La megafonía, mejor dicho, la inexistencia de una megafonía apropiada, evitó que la gran mayoría de los manifestantes del pasado domingo se llevaran una buena decepción con ocasión de la lectura del manifiesto final. La contradicción entre los eslóganes de los participantes y el contenido del documento fue clamorosa. Allí donde la marea amarilla veía presos políticos, el manifiesto se limitó a denunciar la existencia de dirigentes políticos presos; donde los cientos de miles de convocados intuyen la república, el texto defendía el autogobierno y las competencias de la Generalitat y frente a la aclamación de Carles Puigdemont como presidente, los lectores del documento reclamaban la urgente elección de un presidente y la formación de un gobierno.

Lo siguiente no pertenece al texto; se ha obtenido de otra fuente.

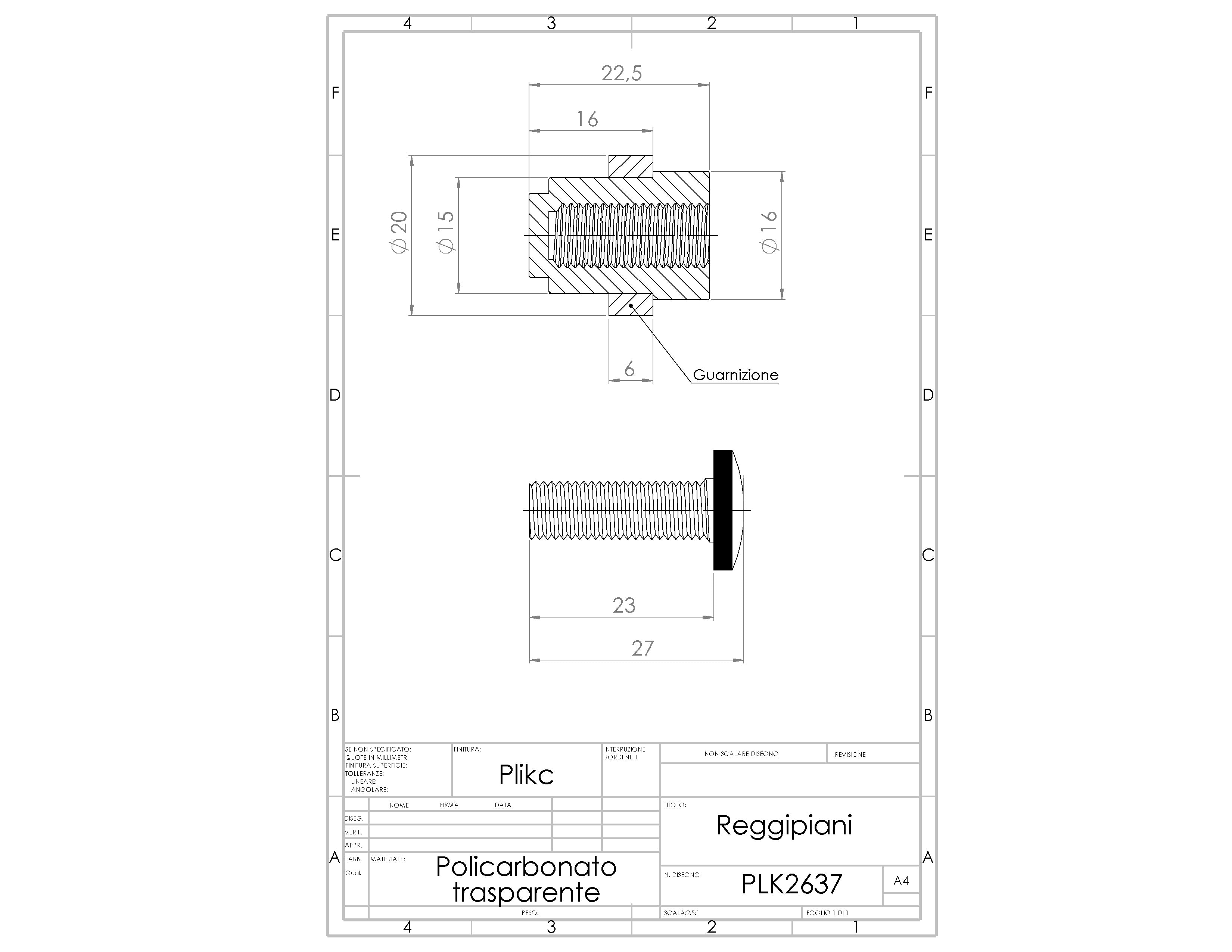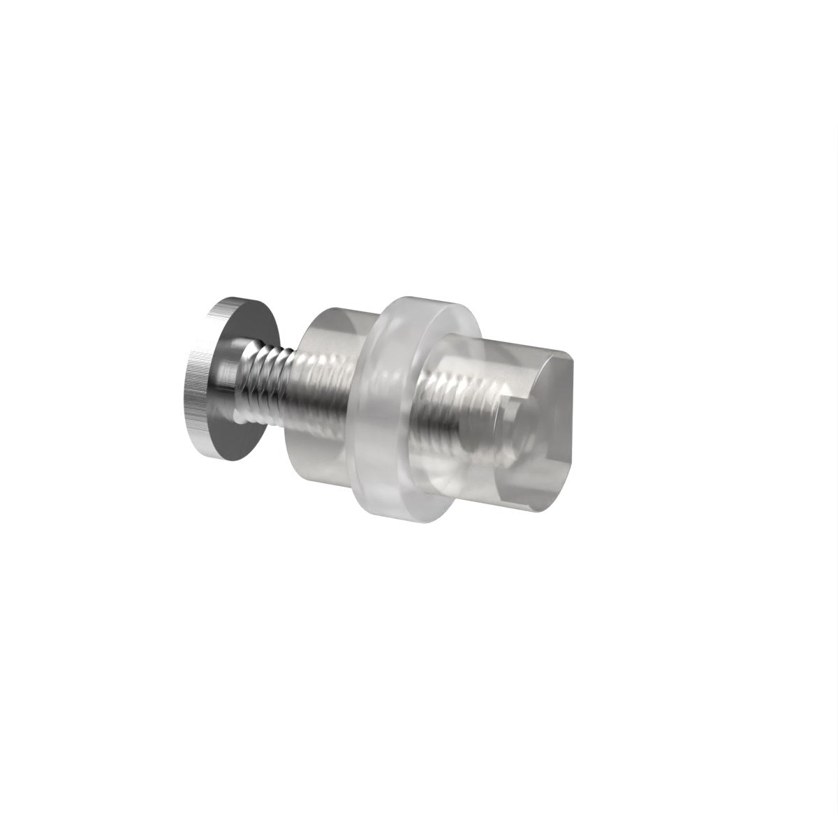 Reggipiani cilindrico per vetri in policarbonato trasparente completo di guarnizione in PVC antiscivolo e vite in ottone nichelato.

Los peajes de la transversalidad son evidentes, exigen formulaciones genéricas y huyen de las formulaciones más discutibles. Por no citarse, no se citó ni tan solo la famosa resolución de la ONU que, según el discurso habitual del presidente del Parlament, aplicaría medidas cautelares al estado por su vulneración de los derechos de los procesados en prisión preventiva. En su lugar, una frase más canónica: “la justicia debe respetar las resoluciones judiciales de los tribunales y organismos internacionales respecto de los derechos fundamentales civiles”.

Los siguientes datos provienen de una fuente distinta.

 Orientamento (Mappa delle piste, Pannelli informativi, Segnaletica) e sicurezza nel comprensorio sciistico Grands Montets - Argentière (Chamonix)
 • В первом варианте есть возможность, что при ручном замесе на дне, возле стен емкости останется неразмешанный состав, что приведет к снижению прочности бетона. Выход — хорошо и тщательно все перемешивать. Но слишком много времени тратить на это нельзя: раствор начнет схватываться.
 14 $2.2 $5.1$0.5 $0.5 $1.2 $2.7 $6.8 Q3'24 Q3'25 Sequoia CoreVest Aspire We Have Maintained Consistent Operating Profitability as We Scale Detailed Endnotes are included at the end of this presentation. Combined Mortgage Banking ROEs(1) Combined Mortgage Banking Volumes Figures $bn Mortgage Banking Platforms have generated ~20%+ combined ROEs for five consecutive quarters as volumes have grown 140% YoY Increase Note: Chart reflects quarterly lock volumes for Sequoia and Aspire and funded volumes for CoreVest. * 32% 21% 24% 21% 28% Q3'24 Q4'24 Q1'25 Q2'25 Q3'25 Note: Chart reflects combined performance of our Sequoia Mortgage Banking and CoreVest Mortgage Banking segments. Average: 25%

La calle movilizada convierte cualquier concentración en una exhibición de fuerza del independentismo

Mientras los organizadores intentaron un encaje de bolillos para no desairar a los sindicatos de clase, CCOO y UGT, y a los Comunes que acudieron a la cita de la ANC y Òmnium, los participantes fueron a la suya, lógicamente. El objetivo oficial era exhibir el carácter transversal de la defensa de la democracia y los derechos políticos de los procesados por el juez Llarena. Para eso se creó el Espai Democràcia i Convivència, una especie de repetición del Pacte Nacional pel Referèndum, de base más amplia al estricto movimiento independentista, sin embargo, la calle movilizada convierte cualquier concentración en una exhibición de fuerza del independentismo.

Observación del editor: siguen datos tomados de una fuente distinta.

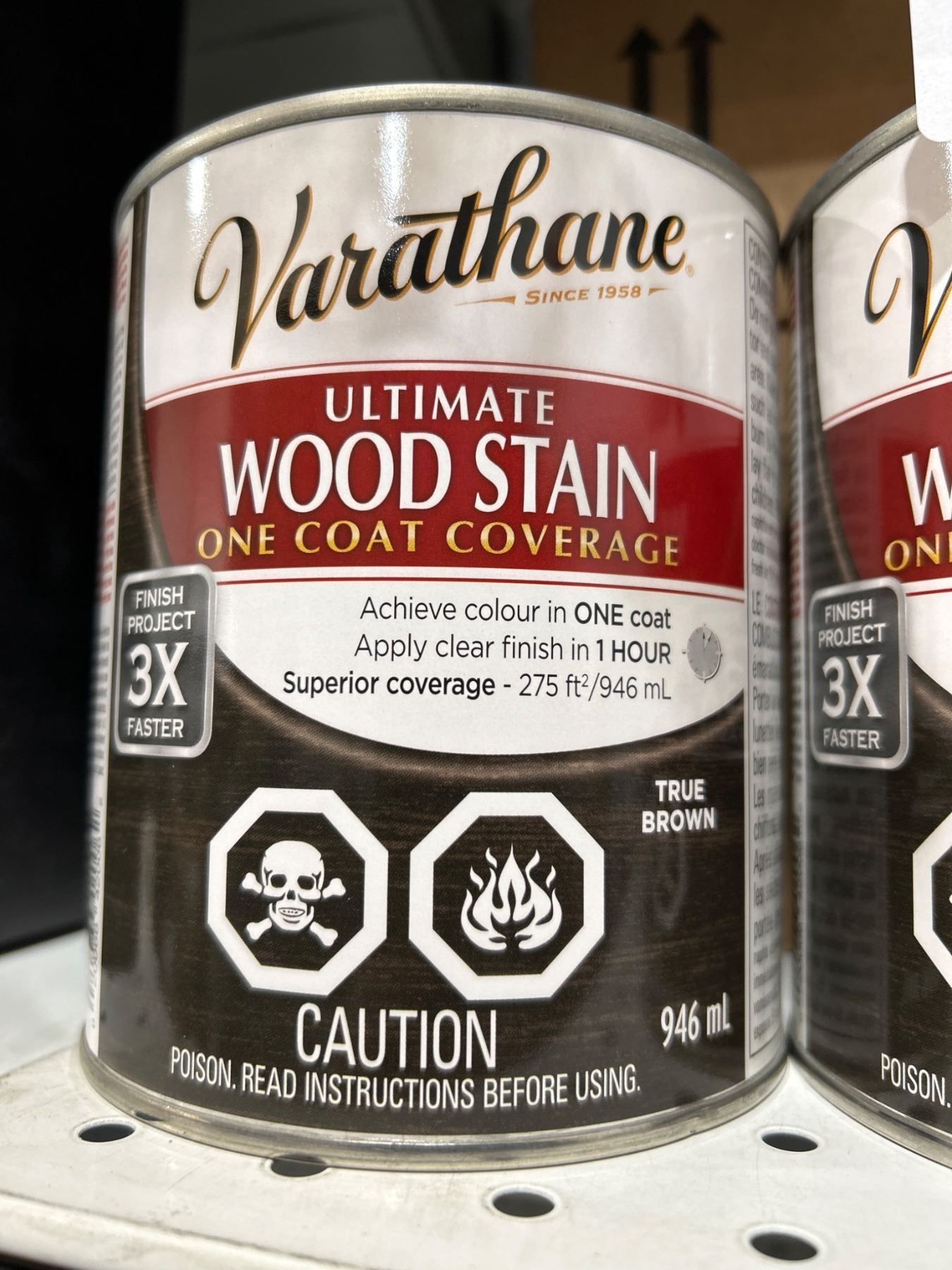 Lot of 2 Varathane Ultimate Wood Stain – One Coat Coverage, True Brown – 946 mL Cans

Las dos docenas de senyeres situadas estratégicamente en las primeras filas, tras la pancarta, no fueron suficientes para compensar los miles de estelades traídas de casa por los manifestantes. Así, la imagen de transversalidad que hubiera debido fundamentar la presencia de la bandera de Cataluña quedó en nada, limitada al contenido del manifiesto. El amarillo de los lazos y camisetas, la imagen de la batalla contra el encarcelamiento de los dirigentes soberanistas, se impuso inequívocamente y sus consignas, también. El esfuerzo de los Comuns en sus intentos de subrayar la transversalidad de esta reivindicación siempre queda ahogada por la fuerza movilizadora de la ANC.   

A los Comuns les pasa lo que le sucedió al PSC en la última manifestación catalanista a la que acudieron, en 2010

En aquella ocasión, el propio presidente de la Generalitat, Josep Montilla, presidió una pancarta que decía “Som una nació. Nosaltres decidim”. En aquellos días, los socialistas catalanes militaban en la idea de la libre decisión de los catalanes para aprobar en referéndum su estatuto que acaba de ser vapuleado por el Tribunal Constitucional. Aquella convocatoria se convirtió para su sorpresa en la primera gran manifestación de carácter independentista y no precisamente de forma espontánea. El PSC no ha vuelto, a pesar de que la literalidad del manifiesto no le incomodaría en exceso, salvo tal vez la referencia al 155. De todas maneras, les sigue pasando lo mismo con las convocatorias unionistas a las que acude con Ciudadanos y PP, que siempre acaban revolviéndose contra sus intereses.